In Algeria, in 1992 when there was an attempt at elections, the fundamentalist Islamic Salvation Front almost won a majority in the Parliament. In response, the government canceled elections. The Algerian dictator was brutal but he and his cohorts clearly understood that the alternative to his brand of brutality would be a religious dictatorship. Not that President Abdelaziz Bouteflika cares about human rights. He cared about saving his wealth and power. The result in Algeria was that human rights remained elusive.

Again, even more recently in Tunisia in January 2011, the country’s president, Zine al Abidine Ben Ali was forced to flee the country after twenty-three years of a ruthless grip on his people. A state of emergency was declared and the ineffectual prime minister, Mohammed Ghannouchi, appeared on television to announce that he was running what he described as a “temporary government.” There is no doubt that it is only a question of time—months at the most—before the all-powerful Islamic party will promise the people equality and a better life, take over the army, and impose religious rule.

The irony is that Islamic leaders fulfill those promises of a better life if compared to the violent dictatorships of Arab leaders from Morocco to Egypt to Jordan, Syria, and beyond. The reason that Hamas and the Islamic Fundamentalists throughout the West Bank and Gaza win the hearts and minds of the Palestinians is because they provide education, technological training, and such basics as food, warm clothes, and shelter for an otherwise desperate population. They are rich organizations. They get billions in donations from Gulf Arab states such as Saudi Arabia who is home to the violent Wahabi Muslims. And, there are many other states that support the extremist religious groups. The fact that the more moderate leaders in that region talk peace with Israel is no incentive for the Palestinians to trust them. The only hearts and minds the more moderate Palestinians are winning are those in the United States and Israel.

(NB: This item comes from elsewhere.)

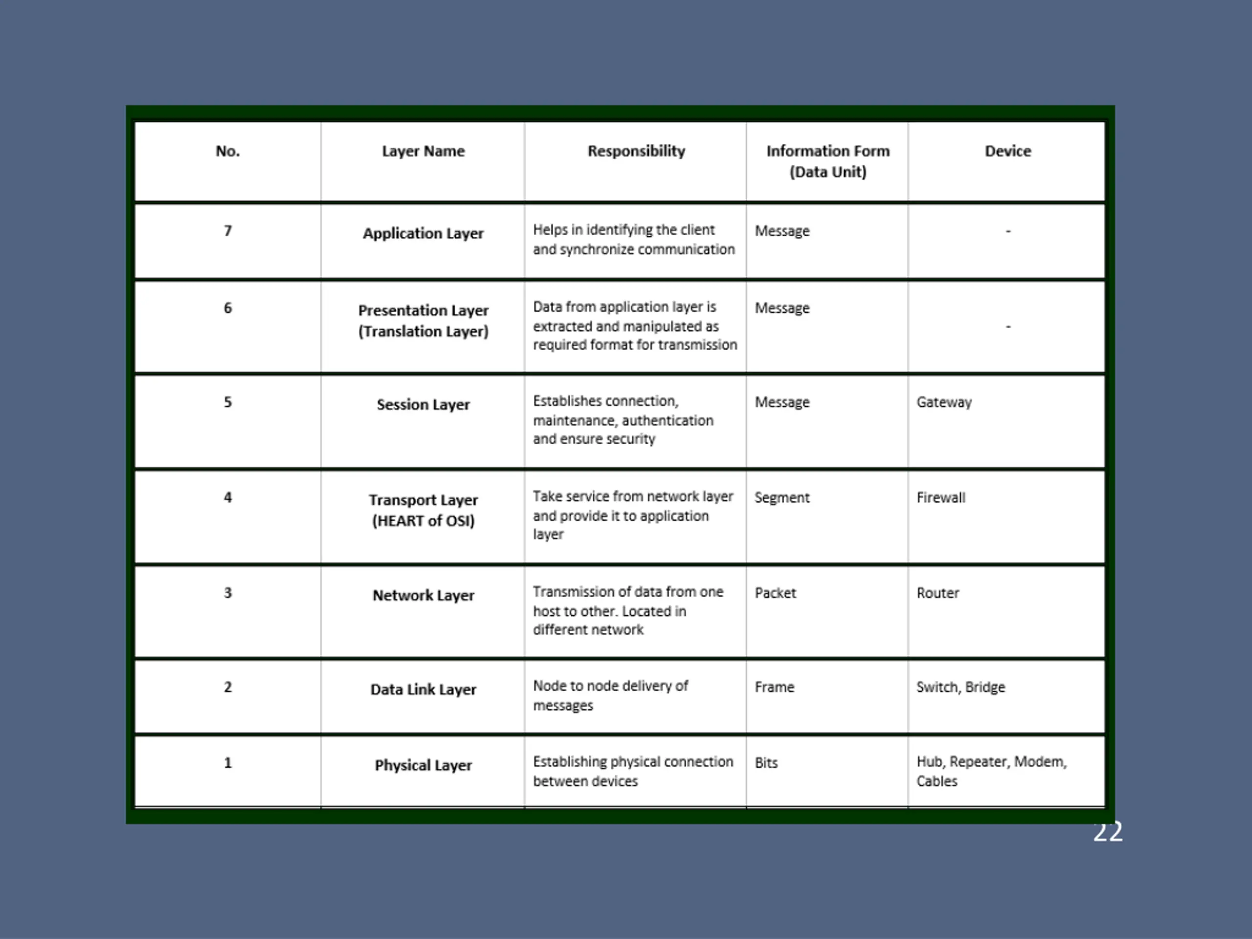 Layers of OSI Model Application Layer (Layer 7) : At the very top of the OSI Reference Model stack of layers, we find the Application layer which is implemented by the network applications. These applications produce the data, which has to be transferred over the network. This layer also serves as a window for the application services to access the network and for displaying the received information to the user. 19
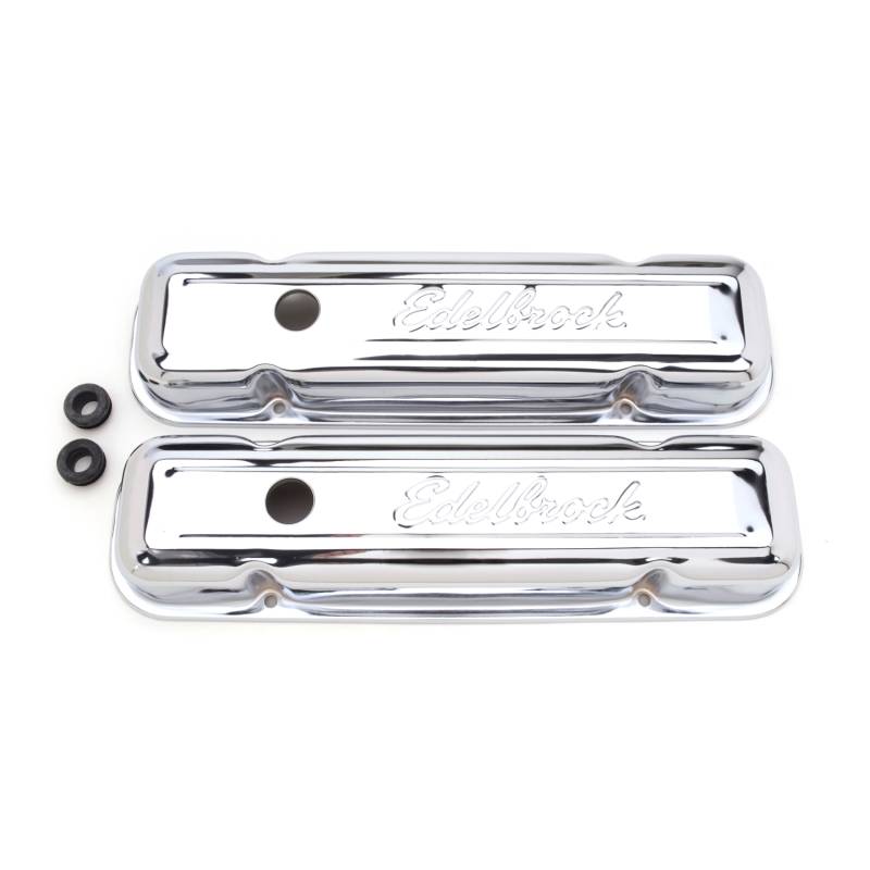 Signature Series Valve Covers, Chrome, Low Profile, Pontiac 301-455 V8, '62-'79 The Edelbrock #4456 Signature Series Valve Covers are designed for Pontiac 301-326-350-389-400-421-455 V8 - '62-79 applications. Engineered for function and styled for great looks, Signature Series valve covers have stock-style breather baffles that prevent oil passage to the PCV valve. These quality valve covers accept all emissions equipment, including PCV valve holes. Rubber grommets for the breather and PCV valve holes are included. Matching breathers sold separately.

Societies which have been oppressed for decades have no idea how to achieve freedom. More to the point, the American version of freedom or democracy is completely foreign to those living throughout the Arab world. Our idea of liberation fails on almost every attempt, whether in Iraq or throughout the West Bank and Gaza. Our misconception that people in those distant lands will embrace our brand of freedom is not only naïve but dangerous, as the people we are trying to liberate end up viewing us as oppressors. This predictable formula is similar to the countries that had no idea how to make the transition from living under a brutal but decrepit Soviet Empire in 1989 to the fall of the Berlin Wall which supposedly brought freedom. What happened instead was that criminal bands and former communist leaders rule Russia today, either behind the scenes or blatantly on the streets. Either regime that deposes dictatorships—mafia clans or extreme religious leaders—results in a deprivation of human rights, anarchy, and sets societies back thousands of years when it comes to social, cultural, and economic progress.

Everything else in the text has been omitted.